I've yet to take the plunge myself with running a kickstarter campaign, but having backed a number of projects that have subsequently been cancelled, I can't help but feel let down by project creators.
There are some advantages to letting a kickstarter campaign run its course to the end of the period. There may be a magazine article that highlights the game and leads to a spike in contributions in the dying days, or equally it may be a few retweets by people with lots of followers leads to a renewed flurry of interest in the campaign beyond the immediate circles of people the game developers and their friends hang out in.
People who have already contributed and want the campaign to succeed may decide they will increase their contribution after all to try and tip funding over the edge, or equally make a renewed effort to rally their friends and contacts, who may not have heard about it the first time round, to pitch in.
Kickstarter has evolved from something semi-altruistic into a pre-orders and marketing platform, and cancelling a campaign early, especially if you have plans to continue development by other means, will inevitably mean lost sales
However, the biggest impact is the message it sends to supporters about the project creator.

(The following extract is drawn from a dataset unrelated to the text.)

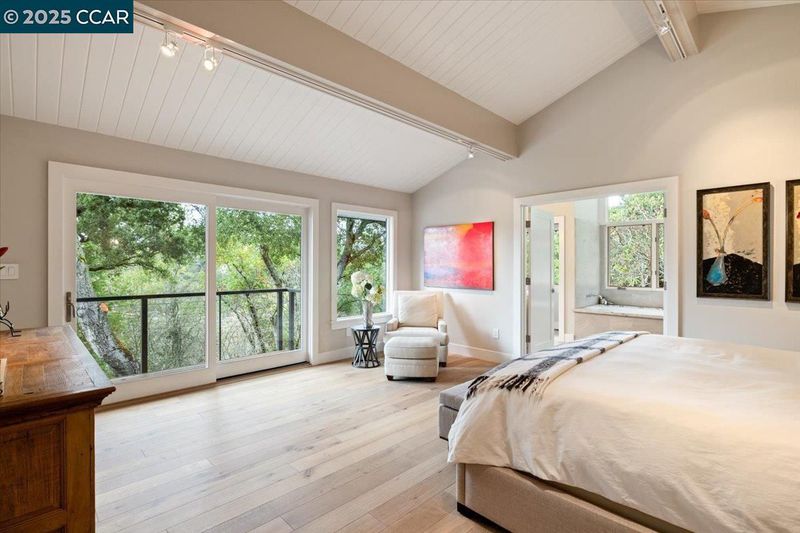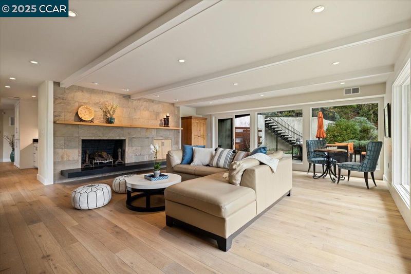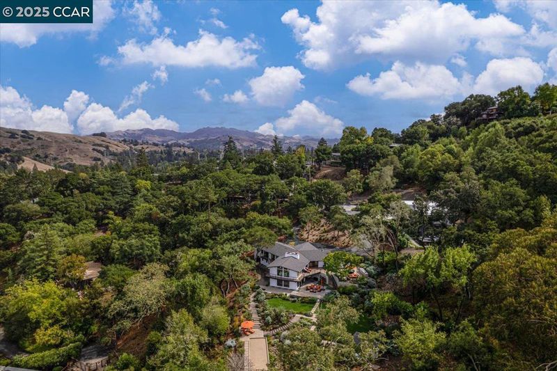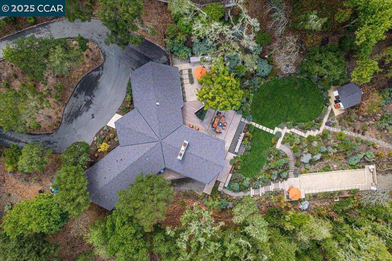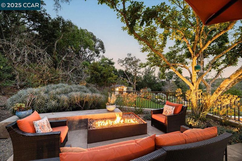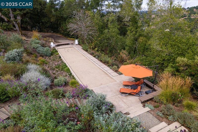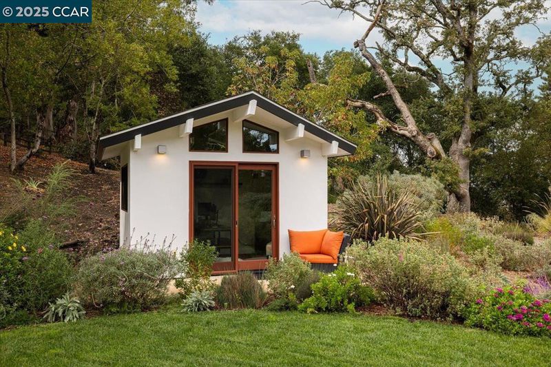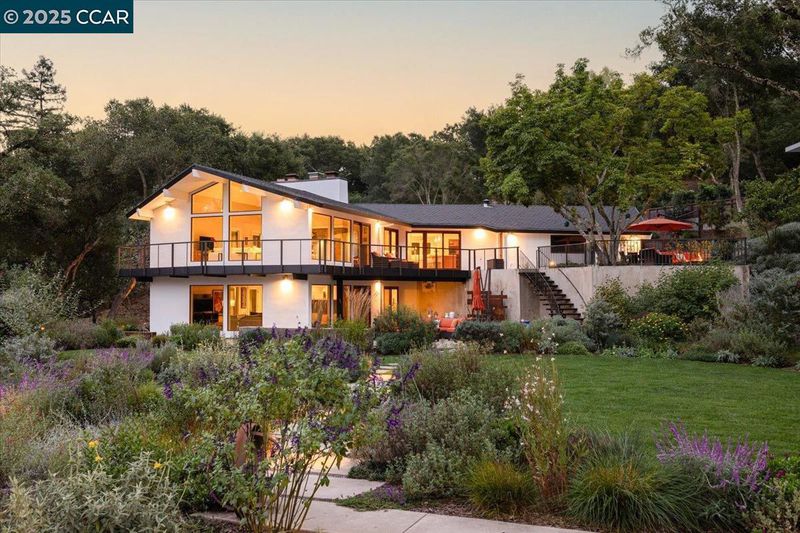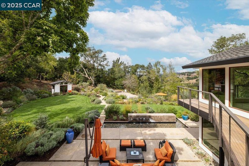 Mid-century modern meets contemporary with this stunning 5 bedroom, 4 bathroom home complete with floor-to-ceiling windows and open floor-plan. The 1.3 acre estate features an oversized-lawn, bocce court, modern fountain, outdoor kitchen, firepit and a mini-Filoli Garden with meandering paths filled with plants that bloom year-round! The remodeled kitchen has cathedral ceilings, a walk-in pantry, large island, Sub-Zero refrigerator and separate full-sized Sub-Zero freezer. Two bedrooms and bathrooms are on the main level (including primary suite), with 3 more bedrooms and a family room downstairs. There's even a separate air-conditioned studio in the yard. The 2-car garage is oversized with several other areas to park on the property at the end of a private cul-de-sac.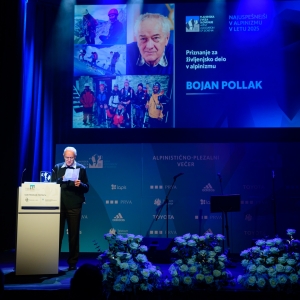 Letošnji prejemnik priznanja Planinske zveze Slovenije za življenjsko delo v alpinizmu Bojan Pollak - Bojč (AO PD Kamnik) sodi med najvidnejše in najvplivnejše osebnosti slovenskega alpinizma in planinske skupnosti ter je tudi častni član PZS. Njegovo večdesetletno delovanje zaznamujejo strokovnost, doslednost in globok občutek odgovornosti. Z alpinizmom se je začel ukvarjati leta 1966 in kmalu postal alpinist, gorski reševalec, gorski vodnik in alpinistični inštruktor. Opravil je več kot 2500 alpinističnih tur in preplezal približno 130 prvenstvenih smeri. Plezal je doma in v številnih gorstvih Evrope in Azije. Bil je član treh jugoslovanskih himalajskih odprav - na Kangbačen (1974), Makalu (1975) in Everest (1979); prav to odpravo je zaznamovalo njegovo izjemno pogumno reševanje ob tragični nesreči. Pomemben del njegovega življenjskega dela je mentorstvo. Kot vodja alpinističnih šol, mentor pripravnikom in alpinistom ter sodelavec pri izobraževanju vodnikov je postavljal visoke strokovne in etične standarde. Dragoceno je tudi njegovo mednarodno pedagoško delo v Nepalu, kjer je osemkrat sodeloval pri izobraževanju gorskih vodnikov. Njegovo zapuščino dopolnjuje bogata publicistična dejavnost ter številna najvišja priznanja s področja športa, planinstva in zaščite.

Rather than share in defeat and disappointment with their backers, and move everyone together to the next stage, the project creator has instead taken the decision away from the supporters and back into their own hands. "I'm going to let the crowd decide if this project should succeed. Oh wait, actually I'm going to decide myself after all, and that decision is the opposite of that made by those who supported me"
I've never left a football match early, even when my team are losing. I'd rather stay till the end, because once in every while, there will be a late comeback, and that magical moment when it happens is worth a thousand disappointing realities.